* Extracted information
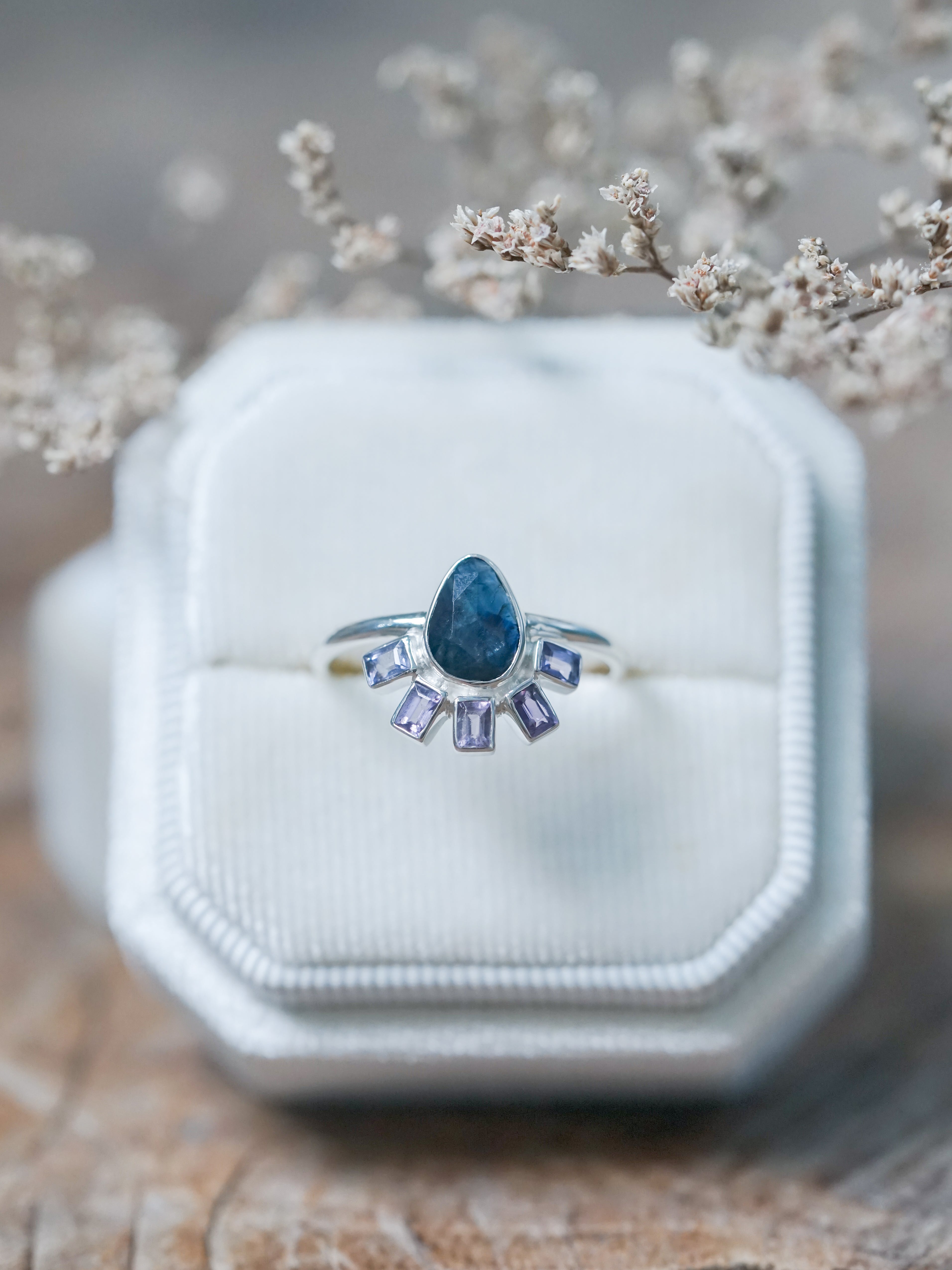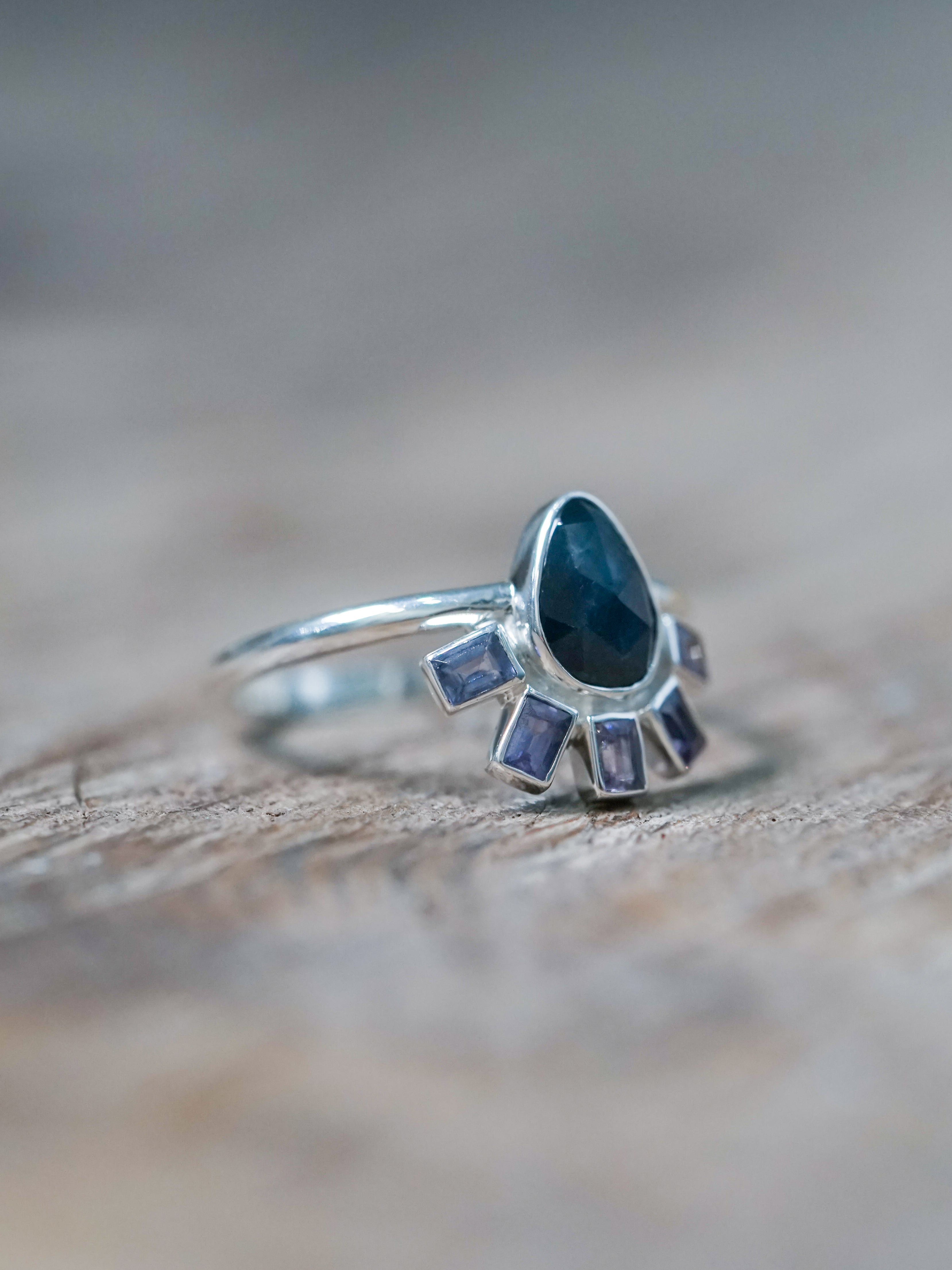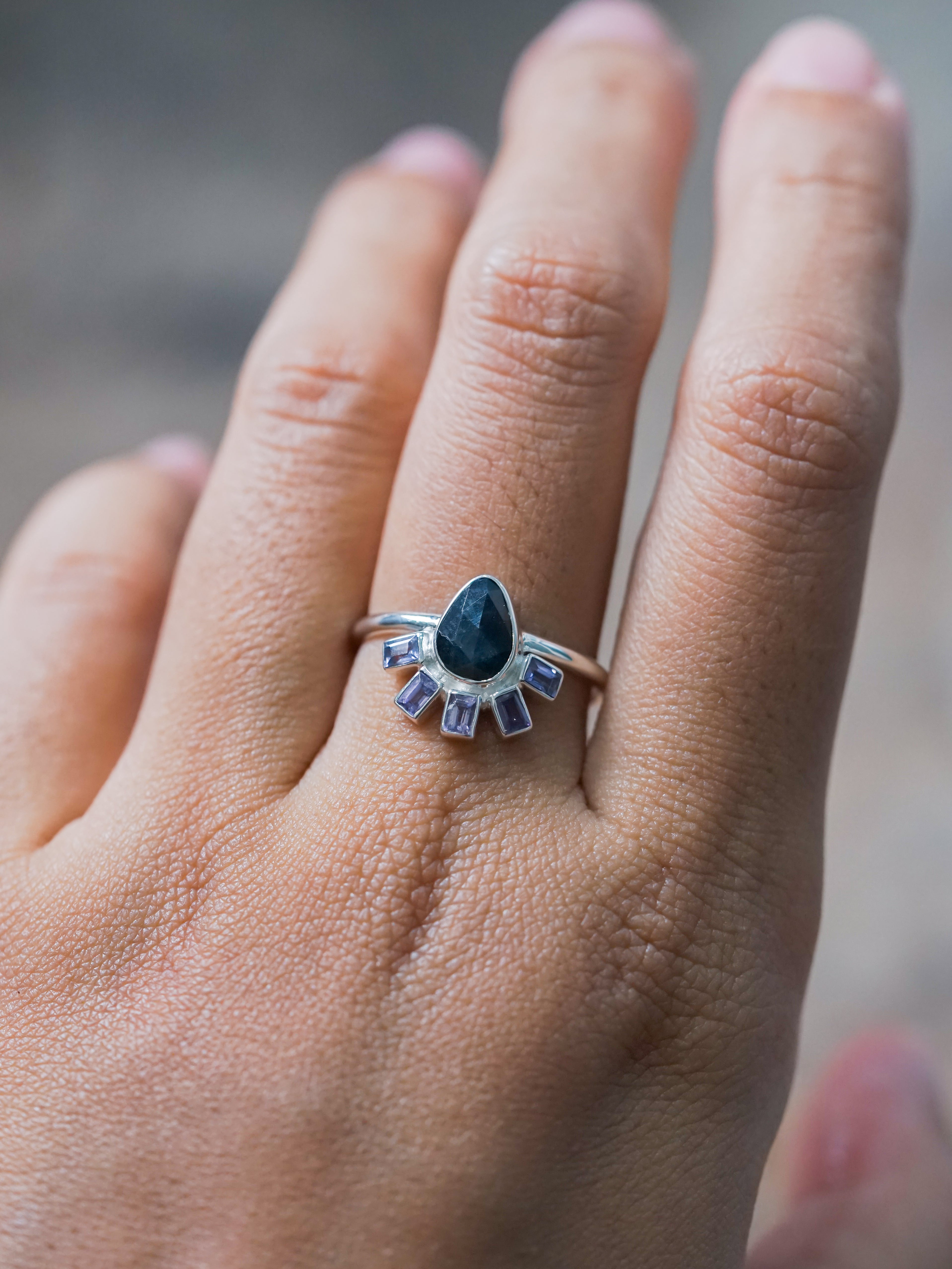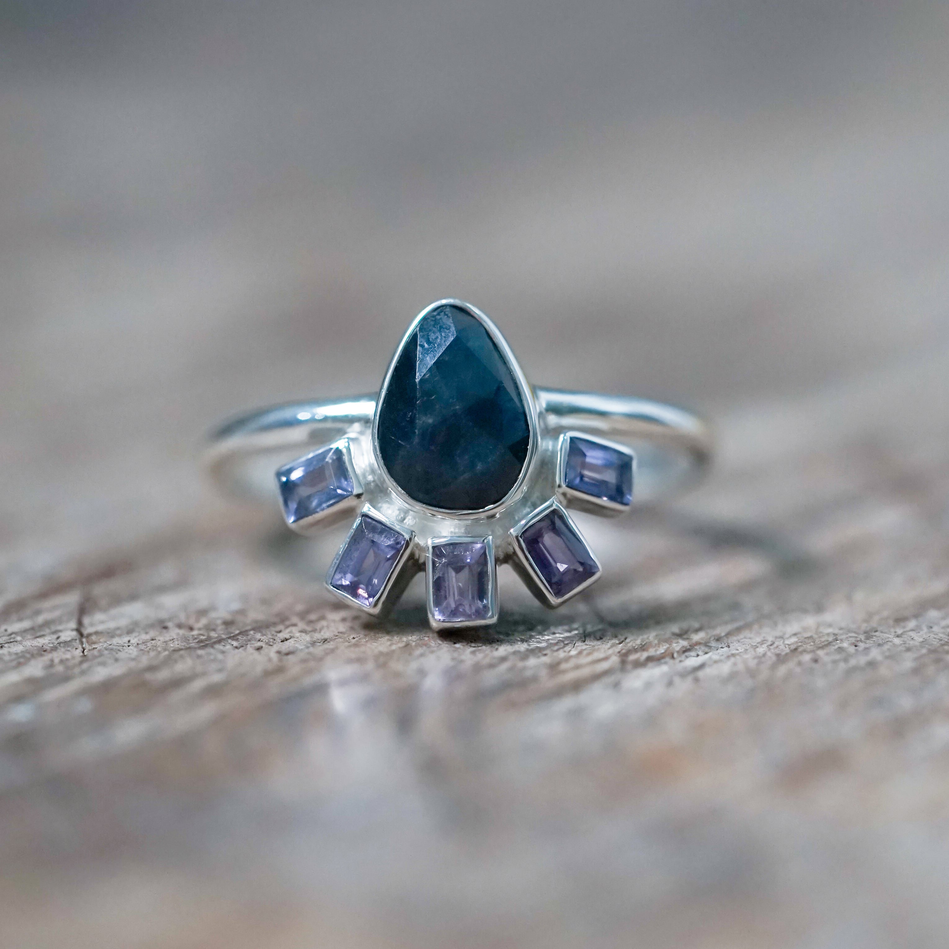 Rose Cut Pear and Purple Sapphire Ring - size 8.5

* * *

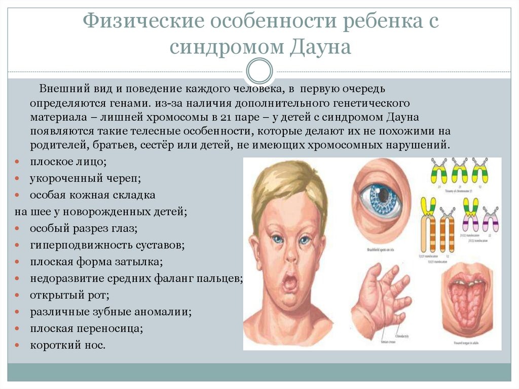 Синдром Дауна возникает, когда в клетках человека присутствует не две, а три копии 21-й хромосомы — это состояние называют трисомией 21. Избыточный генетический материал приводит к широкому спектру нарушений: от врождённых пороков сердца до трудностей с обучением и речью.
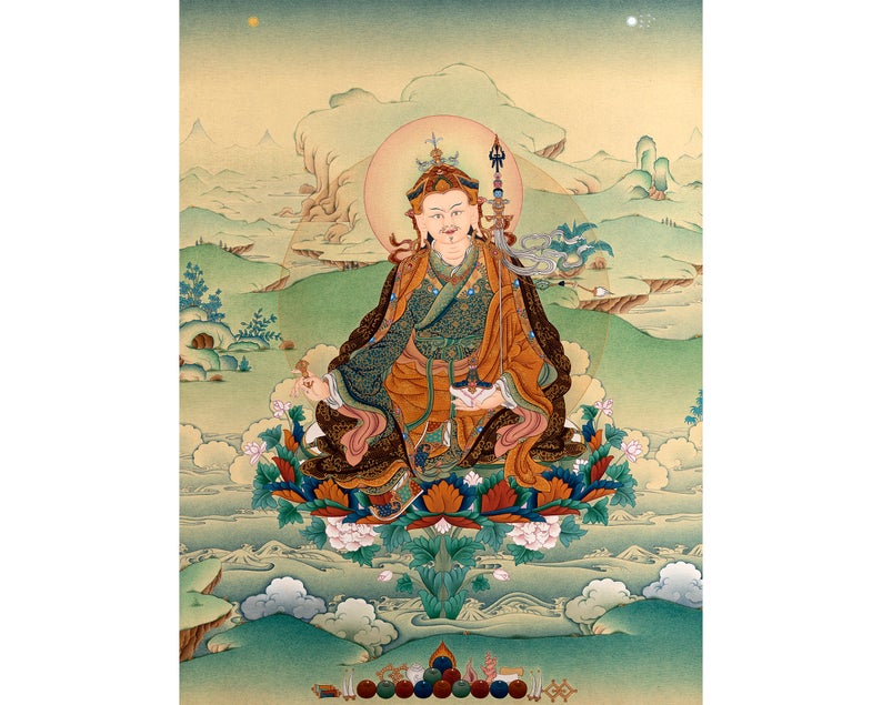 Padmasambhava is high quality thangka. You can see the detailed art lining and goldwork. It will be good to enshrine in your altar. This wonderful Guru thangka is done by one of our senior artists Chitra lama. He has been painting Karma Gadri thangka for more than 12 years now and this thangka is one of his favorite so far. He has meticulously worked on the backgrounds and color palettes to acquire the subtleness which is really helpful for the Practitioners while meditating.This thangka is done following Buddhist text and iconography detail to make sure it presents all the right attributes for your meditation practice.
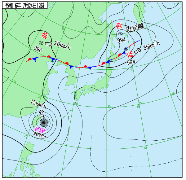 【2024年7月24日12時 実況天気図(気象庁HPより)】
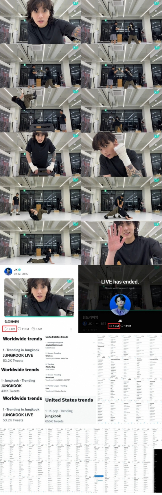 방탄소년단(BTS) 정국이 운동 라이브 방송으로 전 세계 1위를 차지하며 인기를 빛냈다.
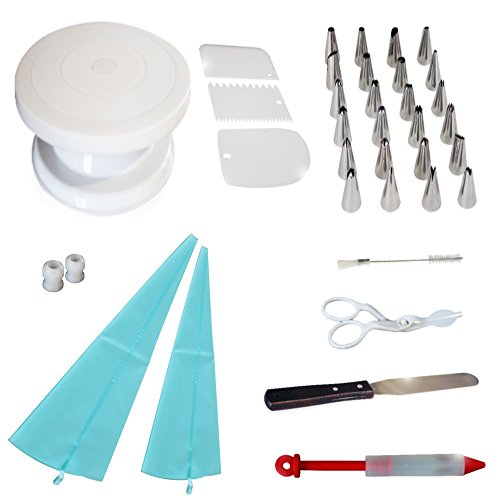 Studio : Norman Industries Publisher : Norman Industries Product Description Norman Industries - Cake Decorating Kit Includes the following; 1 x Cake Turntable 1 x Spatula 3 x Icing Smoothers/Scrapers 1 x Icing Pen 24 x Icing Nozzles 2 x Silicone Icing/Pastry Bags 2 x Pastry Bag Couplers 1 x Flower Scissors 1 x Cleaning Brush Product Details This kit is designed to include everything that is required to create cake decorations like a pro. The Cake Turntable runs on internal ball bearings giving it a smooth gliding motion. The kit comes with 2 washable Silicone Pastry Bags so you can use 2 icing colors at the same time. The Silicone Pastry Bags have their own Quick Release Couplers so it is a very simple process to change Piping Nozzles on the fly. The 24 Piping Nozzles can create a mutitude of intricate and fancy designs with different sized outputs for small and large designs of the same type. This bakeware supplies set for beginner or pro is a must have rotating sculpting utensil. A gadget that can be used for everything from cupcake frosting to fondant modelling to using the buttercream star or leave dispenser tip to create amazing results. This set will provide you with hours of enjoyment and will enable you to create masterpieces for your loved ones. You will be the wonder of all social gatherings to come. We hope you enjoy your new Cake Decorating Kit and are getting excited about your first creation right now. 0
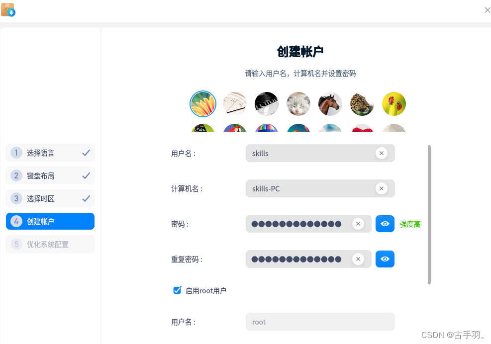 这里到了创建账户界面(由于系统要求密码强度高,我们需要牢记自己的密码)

* How to complete this task
Repeat exactly the lines above, beginning at the one containing "Studio : Norman" and ending at the one containing "这里到了创建账户界面(由于系统要求密码强度高,我们需要牢记自己的密码)". Do not carry over any pictures.

* Answer space
 Studio : Norman Industries Publisher : Norman Industries Product Description Norman Industries - Cake Decorating Kit Includes the following; 1 x Cake Turntable 1 x Spatula 3 x Icing Smoothers/Scrapers 1 x Icing Pen 24 x Icing Nozzles 2 x Silicone Icing/Pastry Bags 2 x Pastry Bag Couplers 1 x Flower Scissors 1 x Cleaning Brush Product Details This kit is designed to include everything that is required to create cake decorations like a pro. The Cake Turntable runs on internal ball bearings giving it a smooth gliding motion. The kit comes with 2 washable Silicone Pastry Bags so you can use 2 icing colors at the same time. The Silicone Pastry Bags have their own Quick Release Couplers so it is a very simple process to change Piping Nozzles on the fly. The 24 Piping Nozzles can create a mutitude of intricate and fancy designs with different sized outputs for small and large designs of the same type. This bakeware supplies set for beginner or pro is a must have rotating sculpting utensil. A gadget that can be used for everything from cupcake frosting to fondant modelling to using the buttercream star or leave dispenser tip to create amazing results. This set will provide you with hours of enjoyment and will enable you to create masterpieces for your loved ones. You will be the wonder of all social gatherings to come. We hope you enjoy your new Cake Decorating Kit and are getting excited about your first creation right now. 0
 这里到了创建账户界面(由于系统要求密码强度高,我们需要牢记自己的密码)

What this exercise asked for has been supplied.